One of the key limitations of our data is the difficulty in objectively comparing 2 versions of a manuscript. Our approach revealed that computational approaches comparing textual changes at string level do not predict the extent of change interpreted by human readers. For example, we discovered abstracts that contained many textual changes (such as rearrangements) that did not impact on the conclusions and were scored by annotators as having no meaningful changes. By contrast, some abstracts that underwent major changes as scored by annotators were found to have very few textual changes. This demonstrates the necessity that future studies will focus on more semantic NLP approaches when comparing manuscripts that go beyond shallow differences between strings of texts [37]. Recent research has begun to explore the potential of word embeddings for this task (see, for instance, [14]), and Knoth and Herrmannova have even coined the term “semantometrics” [32] to describe the intersection of NLP and scientometrics.

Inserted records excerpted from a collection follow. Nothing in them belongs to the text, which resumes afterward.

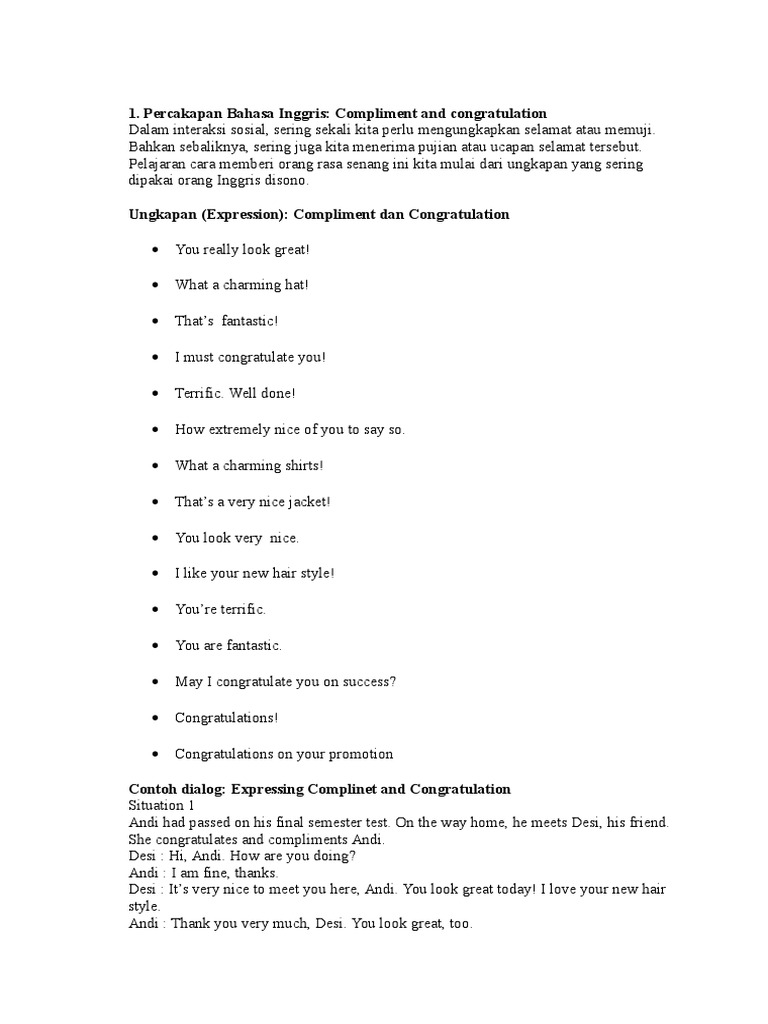 2 contoh dilaog compliment pendek bahasa inggris dan artinya. Kumpulan contoh percakapan bahasa indonesia singkat berikut ini mungkin bisa jadi referensi untuk kalian yang mendapat tugas untuk membuat percakapan bahasa indonesia antara dua orang. Sekian semoga dialog compliment di atas membantu teman. 123 teks percakapan bahasa inggris singkat 2 orang agar bisa bercakap cakap menggunakan bahasa inggris tentu harus perlu pengetahuan akan maksud yang akan diucapkan. Namun sebelum membuat contoh compliment dalam bentuk dialog untuk 2 3. Itu tadi beberapa contoh dialog compliment kali ini.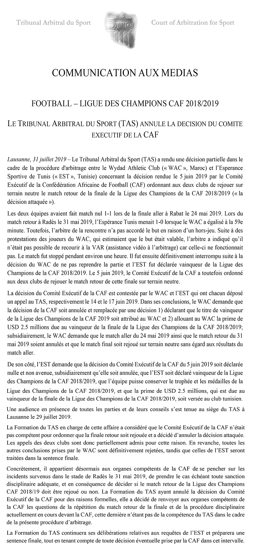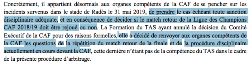 Le Tribunal Arbitral du Sport a fini aujourd'hui par annoncer son verdict tant attendu au sujet de la finale retour de la Ligue des Champions africaine 2018-2019.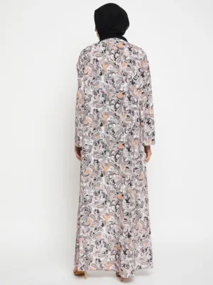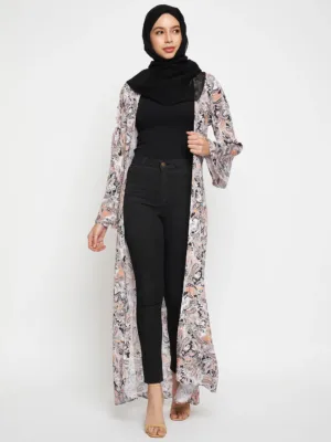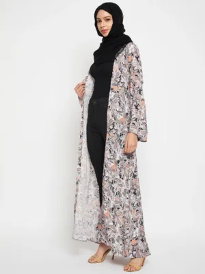 Introducing a vibrant White Printed Front Open Shrug, featuring long and free sleeves, a round neck, and a loose fit. Crafted from satin fabric, it provides a relaxed and comfortable feel, tailored for Islamic and Muslim women, adding a stylish touch to your wardrobe for various occasions.
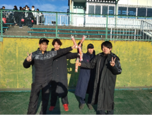 ナイススティックを掲げている4名はナイススティッカーズというソフトテニス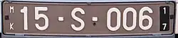 Die 1993 eingeführten Diplomatenkennzeichen beginnen mit den übereinander stehenden Buchstaben SK für Skopje, gefolgt von einer zweistelligen Zahl, die das Herkunftsland verschlüsselt. Es folgen ein bis zwei Buchstaben, die den Status des Fahrzeugs angeben, bevor eine maximal dreistellige Unterscheidungsnummer erscheint. Am rechten Rand befinden sich zwei wiederum übereinander stehende Ziffern, die das Gültigkeitsjahr angeben. Damit lehnten sich die Schilder für Diplomaten im Wesentlichen an das jugoslawische System an und glichen den zu dieser Zeit in Bosnien und Herzegowina sowie Serbien verwendeten. 1996 wurde die Schriftfarbe von gelb zu weiß und die Buchstabenkombination von SK in MK geändert. Die Gestaltung wurde 2012 nur leicht überarbeitet.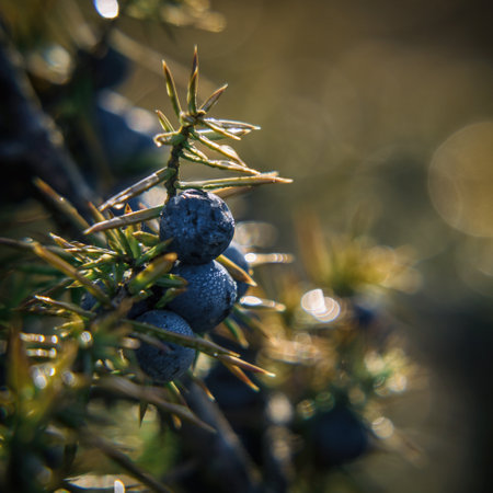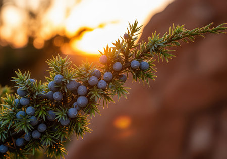 A detailed close up of a juniper branch covered in dusty blue berries and sharp green needles, dramatically backlit by the warm glow of the setting sun during golden hour.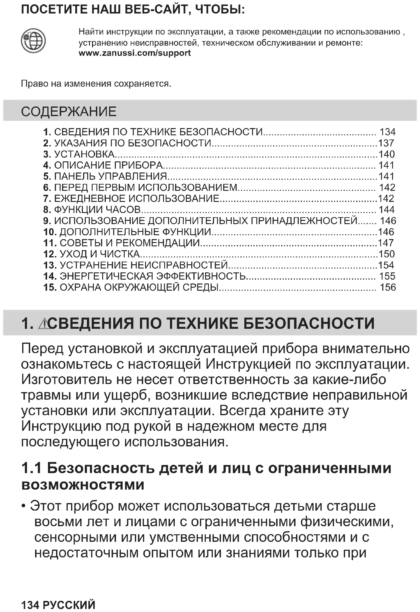 Материалы с символом следует сдавать на переработку. Положите упаковку в соответствующие контейнеры для сбора вторичного сырья. Принимая участие в переработке старого электробытового оборудования, Вы помогаете защитить окружающую среду и здоровье человека. Не выбрасывайте вместе с бытовыми отходами бытовую технику, помеченную символом . Прибор следует доставить в место раздельного накопления и сбора отходов потребления или в пункт сбора использованной бытовой техники для последующей утилизации. 156 РУССКИЙВІДВІДАЙТЕ НАШ ВЕБ-САЙТ, ЩОБ: Отримати поради з використання, брошури, інструкції з усунення несправностей,інформацію щодо сервісу та ремонту:www.zanussi.com/supportМоже змінитися без оповіщення. 1. ІНФОРМАЦІЯ З ТЕХНІКИ БЕЗПЕКИ........................................................ 1572. ІНСТРУКЦІЇ З ТЕХНІКИ БЕЗПЕКИ............................................................159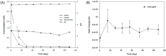 Anaerobic batch incubation. (A) Concentrations of nitrite, nitrate, and ammonium. (B) Absolute copy numbers of hzsA gene during the incubation period.

Nevertheless, the difficulty when dealing with such complex semantic phenomena is that different assessors may annotate changes differently. We attempted to develop a robust set of annotation guidelines to limit the impact of this. Our strategy was largely successful, but we propose a number of changes for future implementation. We suggest simplifying the categories (which would reduce the number of conflicting annotations) and conducting robust assessments of inter-annotator consistency. To do this, we recommend that a training set of data are utilised before assessors annotate independently. While this strategy is more time consuming (due to the fact that annotator might need several training trials before reaching a satisfying agreement), in the long run, it is a more scalable strategy as there will be no need of a meta-annotator double-checking all annotations against the guidelines, as we had in our work.
Our data analysing abstracts suggest that the main conclusions of 93% of non-COVID-19–related life sciences articles do not change from their preprint to final published versions, with only 1 out of 184 papers in our analysis contradicting a conclusion made by its preprint. These data support the usual caveats that researchers should perform their own peer review any time they read an article, whether it is a preprint or published paper. Moreover, our data provide confidence in the use of preprints for dissemination of research.
Methods
Preprint metadata for bioRxiv and medRxiv
Our preprint dataset is derived from the same dataset presented in version 1 of Fraser and colleagues [11]. In brief terms, bioRxiv and medRxiv preprint metadata (DOIs, titles, abstracts, author names, corresponding author name and institution, dates, versions, licenses, categories, and published article links) were obtained via the bioRxiv Application Programming Interface (API; https://api.biorxiv.org). The API accepts a “server” parameter to enable retrieval of records for both bioRxiv and medRxiv. Metadata was collected for preprints posted September 4, 2019 to April 30, 2020 (n = 14,812). All data were collected on May 1, 2020. Note that where multiple preprint versions existed, we included only the earliest version and recorded the total number of following revisions. Preprints were classified as “COVID-19 preprints” or “non-COVID-19 preprints” on the basis of the following terms contained within their titles or abstracts (case insensitive): “coronavirus,” “covid-19,” “sars-cov,” “ncov-2019,” “2019-ncov,” “hcov-19,” and “sars-2.”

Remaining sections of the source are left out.